Nova Scotia’s Independent Energy System Operator (IESO) has a preliminary agreement with N.B. Power to access 100 MW of a proposed billion-dollar, 500 MW Tantramar natural-gas plant due in 2028, to be transmitted over existing lines as backup capacity. The IESO is also soliciting developers for one to two local gas plants (up to 300 MW) and planning more battery storage; the Nova Scotia government will provide a loan guarantee to enable the deal. N.B. Power filings warn the Tantramar project could raise New Brunswick rates by nearly 5%, and the arrangement could either push Nova Scotia rates up or, if local gas development advances, help lower them while improving short-term grid reliability.

Analysis

Market structure: Near-term winners are Canadian midstream and merchant power owners able to transport and sell incremental gas-fired capacity (ENB, TRP, NB Power as a counterparty); utilities with regulated rate bases in the Maritimes (Emera/EMA) also gain optionality from loan guarantees.
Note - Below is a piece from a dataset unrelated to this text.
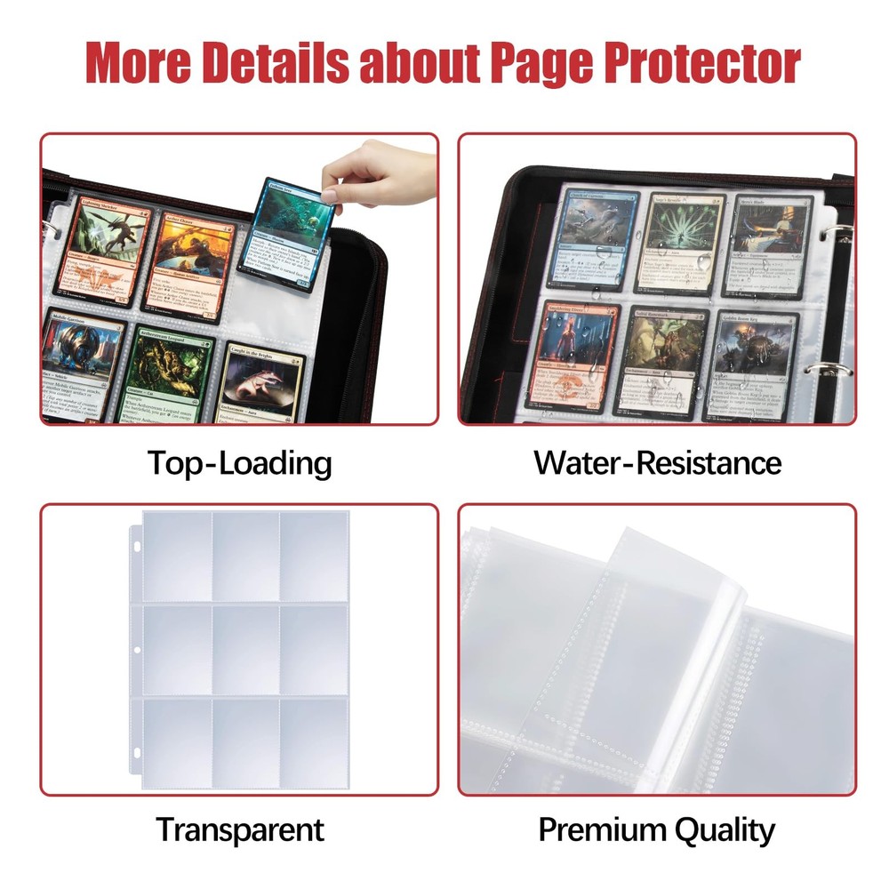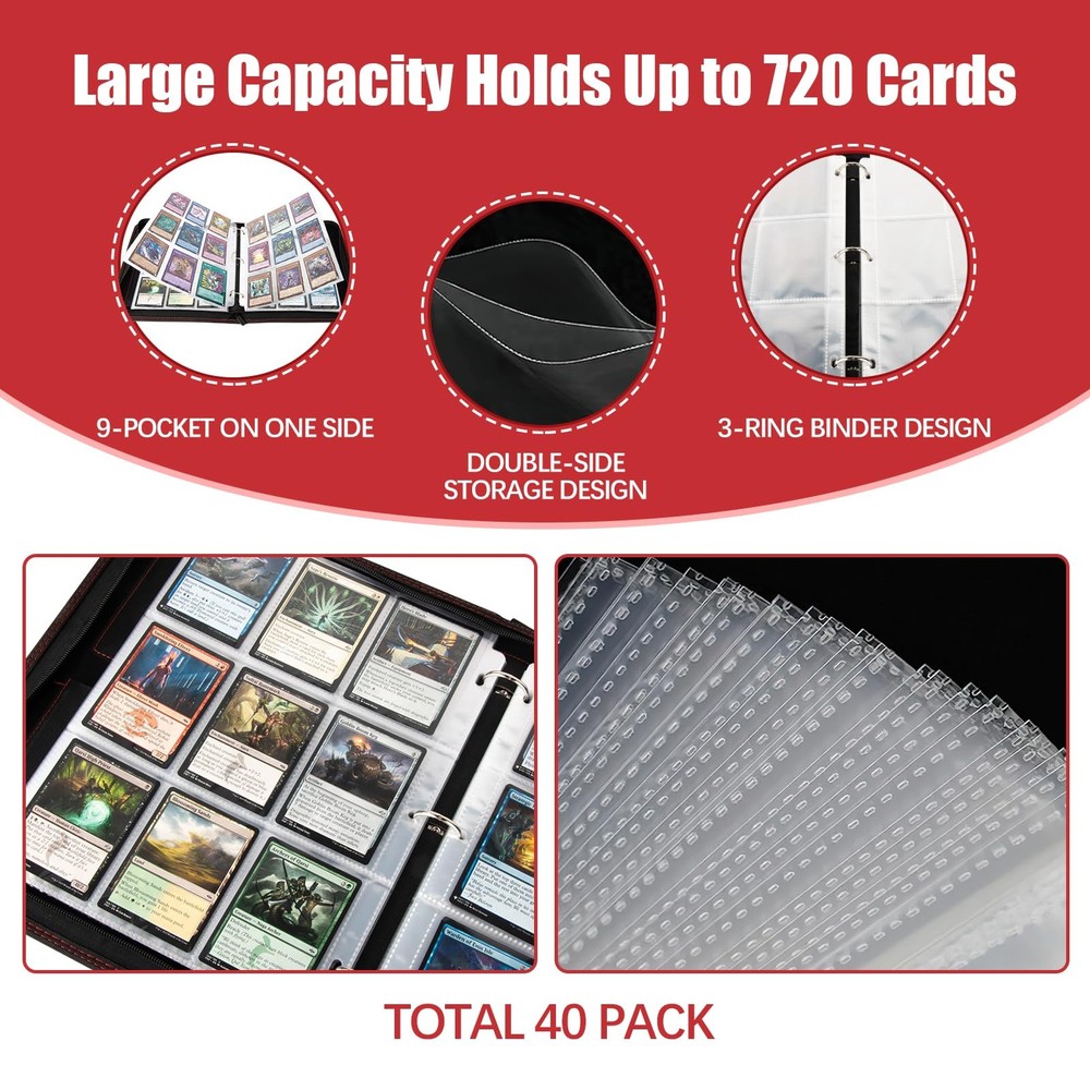 9-Pocket Double-Sided Card Protector with 40 Removable Sleeves for Trading Cards

Near-term losers are small, early-stage battery/storage pure-plays that rely on immediate procurement (higher bid prices and slower rollouts) and rate-sensitive residential consumers if pass-through increases approach ~3–5%. This shifts pricing power toward dispatchable capacity owners and raises AECO/Maritimes spot risk by an estimated +10–25% in stress months. Risk assessment: Tail risks include regulatory reversals or injunctions (probability ~10–15%) that could strand a $1bn plant, major cost overruns pushing NB rate increases >5–7%, or aggressive provincial carbon policy by 2026–28 that writes down gas asset values. Immediate (days) impacts are limited; near-term (3–12 months) hinges on contract finalization and permit filings; long-term (2028+) depends on actual local gas supply, carbon pricing, and battery cost declines. Hidden dependencies: interprovincial transmission constraints, loan-guarantee credit exposure, and provincial election cycles. Trade implications: Favor midstream exposure (ENB, TRP) and regional utility optionality (EMA) on a 6–18 month horizon; tactical 9–12 month call spreads limit carry. Consider small long positions in AECO-linked producers (Tourmaline/TOU) if AECO rises >20% y/y. Pair trade: long ENB, short battery/storage small-caps (FLNC only if valuation> peers) to capture the procurement timing mismatch. Contrarian angles: Consensus underestimates upside to local gas development — if Nova Scotia accelerates onshore gas, AECO and merchant power revenues could fall 10–20%, reversing trades; conversely, social/political backlash could accelerate renewables and strand gas early. Historical parallels: regional capacity shortages (e.g., PJM summers) produced price spikes then accelerated storage investment; hedge gas positions with 18–36 month protective puts.